Items from a dataset
- - -

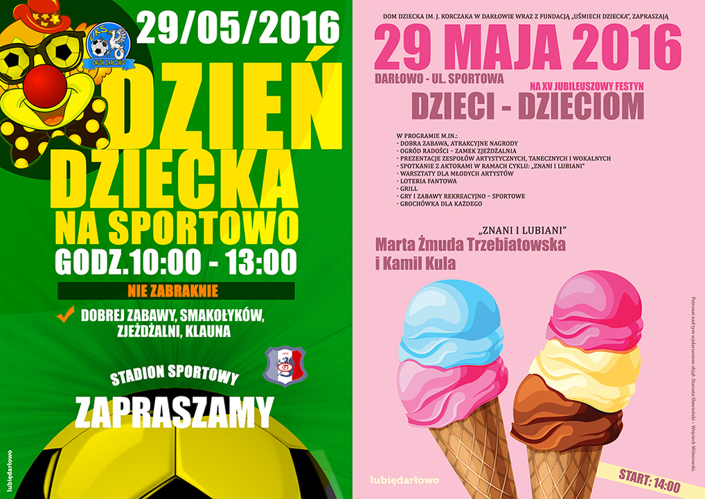 Dla dzieci i ich rodziców mamy dobrą informację. Dwa niedzielne festyny obok siebie, niemal jeden po drugim. Pierwszy rozpocznie się już od godz. 10:00 na miejskim stadionie, drugi popołudniowy na terenie rekreacyjnym przy darłowskim domu dziecka.
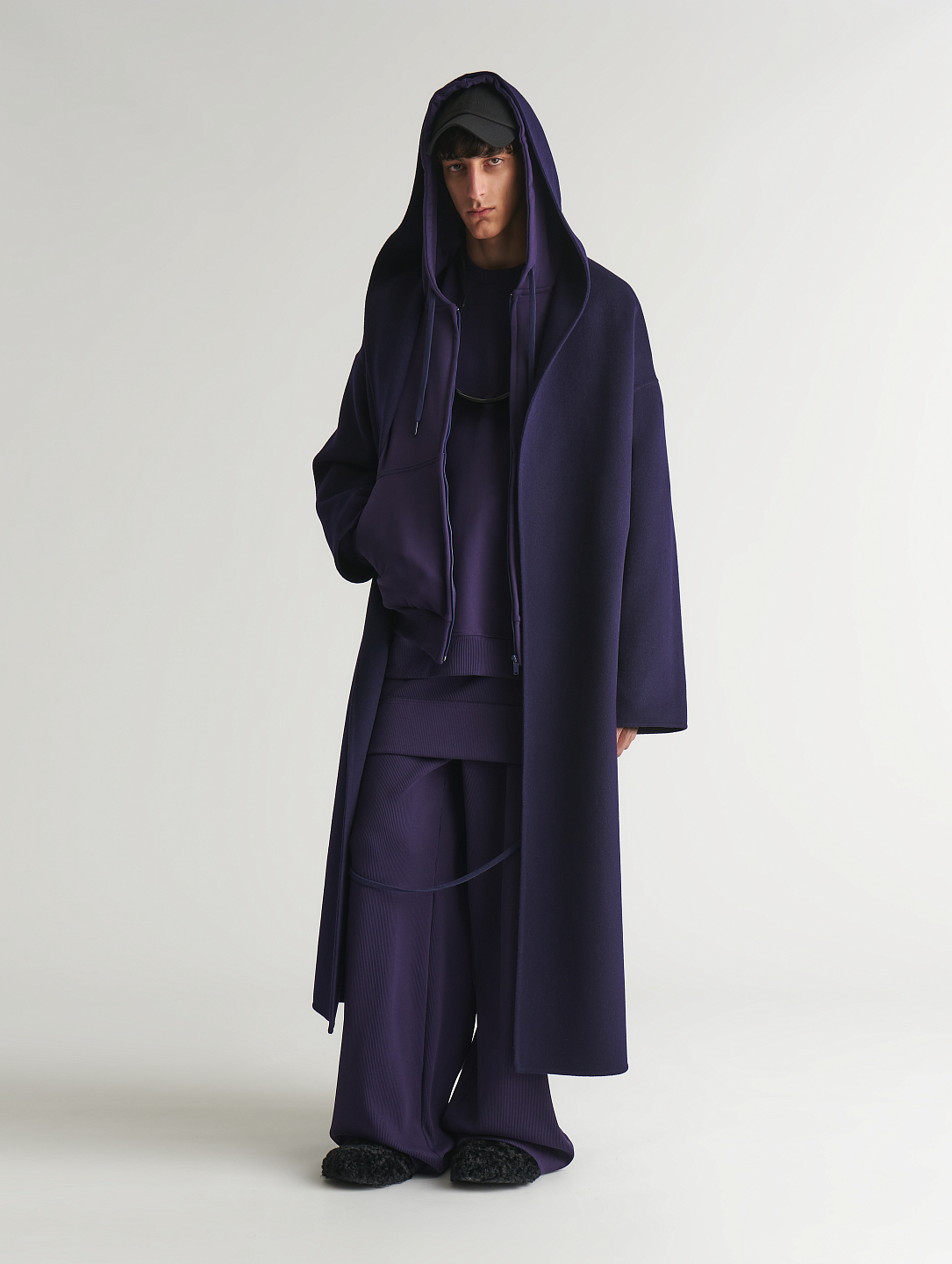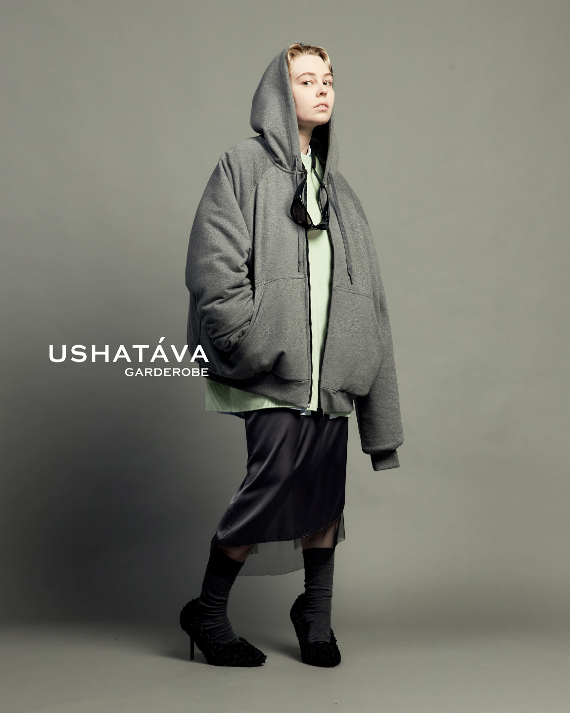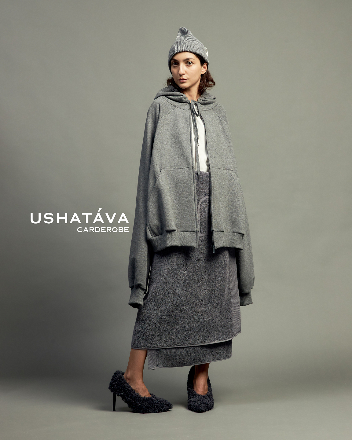 В сезоне FW23/24 GARDEROBE держит фокус на верхней одежде — один и тот же силуэт фигурирует в нескольких длинах, появляются двухсторонние пальто, новые тренчкоты, утепленные анорак и олимпийка. Одна из ключевых групп сезона — многофункциональные вещи-подложки, которые можно носить и как нижний слой, и как верхний. Также в сезоне присутствует новый для USHATÁVA цвет — чернильный, — и он проходит почти сквозь все категории вещей.
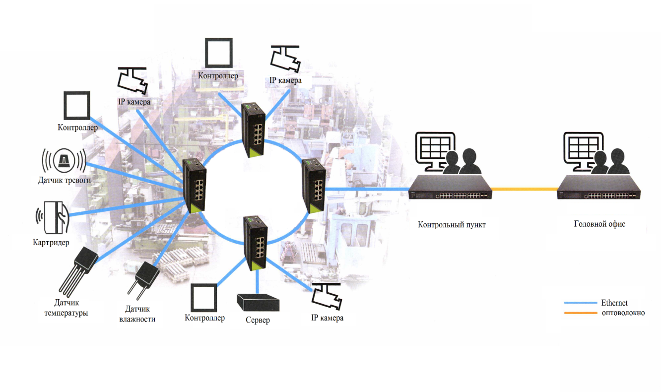 Создавать сложные системы, используя многофункциональные Ethernet-коммутаторы нашего производства, с последующей передачей собранной информации по оптоволоконному кабелю:
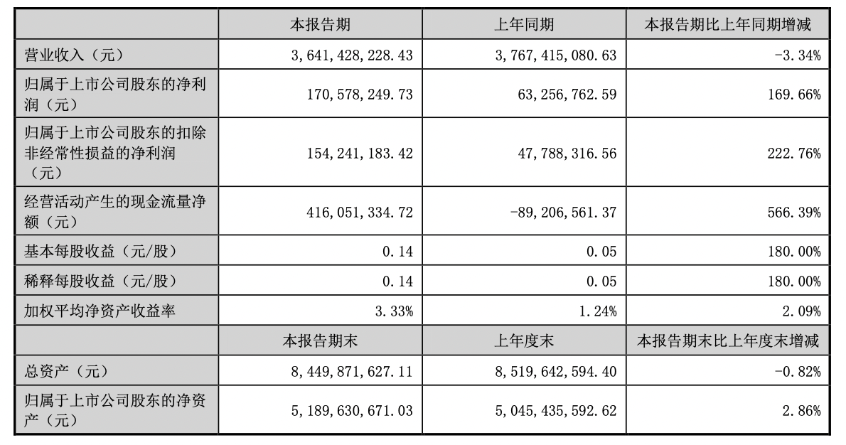 根据公告,公司实现营业收入36.14亿元,同比减少3.34%;归属于上市公司股东的净利润1.71亿元,同比增长169.66%;归属于上市公司股东的扣除非经常性损益的净利润1.54亿元,同比增长222.76%。
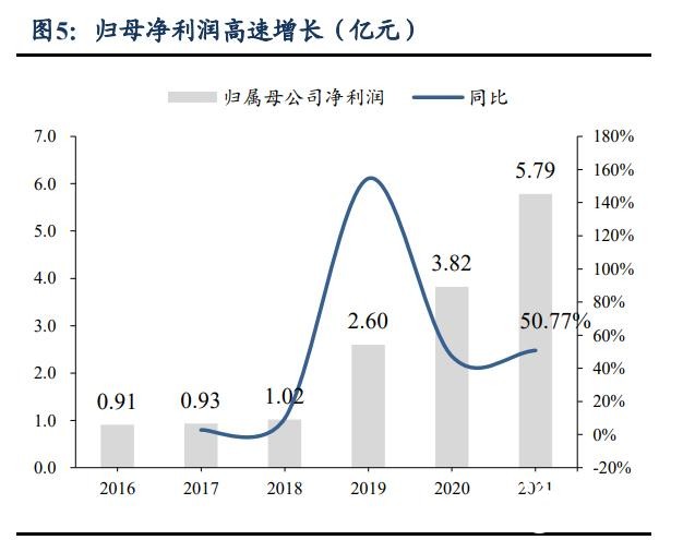 營收和凈利潤高速增長。2016-2021 年,公司營業(yè)收入 CAGR 35.0%,歸母凈利潤 CAGR 44.9%。2021 年德業(yè)股份實現(xiàn)營業(yè)收入 41.68 億,同增 37.89%,歸母凈利潤 5.79 億,同增 50.77%。主要系儲能逆變器業(yè)務(wù)增長勢頭強(qiáng)勁。
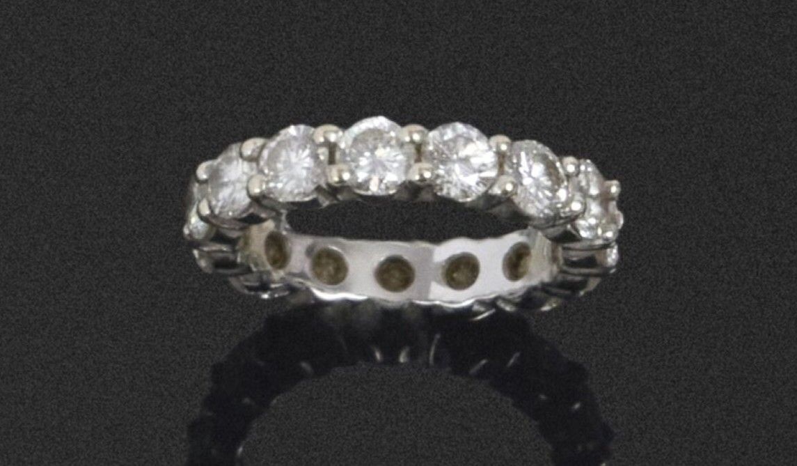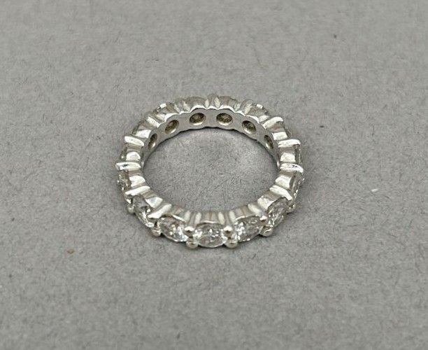 American wedding band in 750°/°° (18 K) white gold set with diamonds totalling approximately three carats.

- - -

Your task: Could you retype every line above exactly as it appears, skipping the pictures?

Task answer:
 Dla dzieci i ich rodziców mamy dobrą informację. Dwa niedzielne festyny obok siebie, niemal jeden po drugim. Pierwszy rozpocznie się już od godz. 10:00 na miejskim stadionie, drugi popołudniowy na terenie rekreacyjnym przy darłowskim domu dziecka.
 В сезоне FW23/24 GARDEROBE держит фокус на верхней одежде — один и тот же силуэт фигурирует в нескольких длинах, появляются двухсторонние пальто, новые тренчкоты, утепленные анорак и олимпийка. Одна из ключевых групп сезона — многофункциональные вещи-подложки, которые можно носить и как нижний слой, и как верхний. Также в сезоне присутствует новый для USHATÁVA цвет — чернильный, — и он проходит почти сквозь все категории вещей.
 Создавать сложные системы, используя многофункциональные Ethernet-коммутаторы нашего производства, с последующей передачей собранной информации по оптоволоконному кабелю:
 根据公告,公司实现营业收入36.14亿元,同比减少3.34%;归属于上市公司股东的净利润1.71亿元,同比增长169.66%;归属于上市公司股东的扣除非经常性损益的净利润1.54亿元,同比增长222.76%。
 營收和凈利潤高速增長。2016-2021 年,公司營業(yè)收入 CAGR 35.0%,歸母凈利潤 CAGR 44.9%。2021 年德業(yè)股份實現(xiàn)營業(yè)收入 41.68 億,同增 37.89%,歸母凈利潤 5.79 億,同增 50.77%。主要系儲能逆變器業(yè)務(wù)增長勢頭強(qiáng)勁。
 American wedding band in 750°/°° (18 K) white gold set with diamonds totalling approximately three carats.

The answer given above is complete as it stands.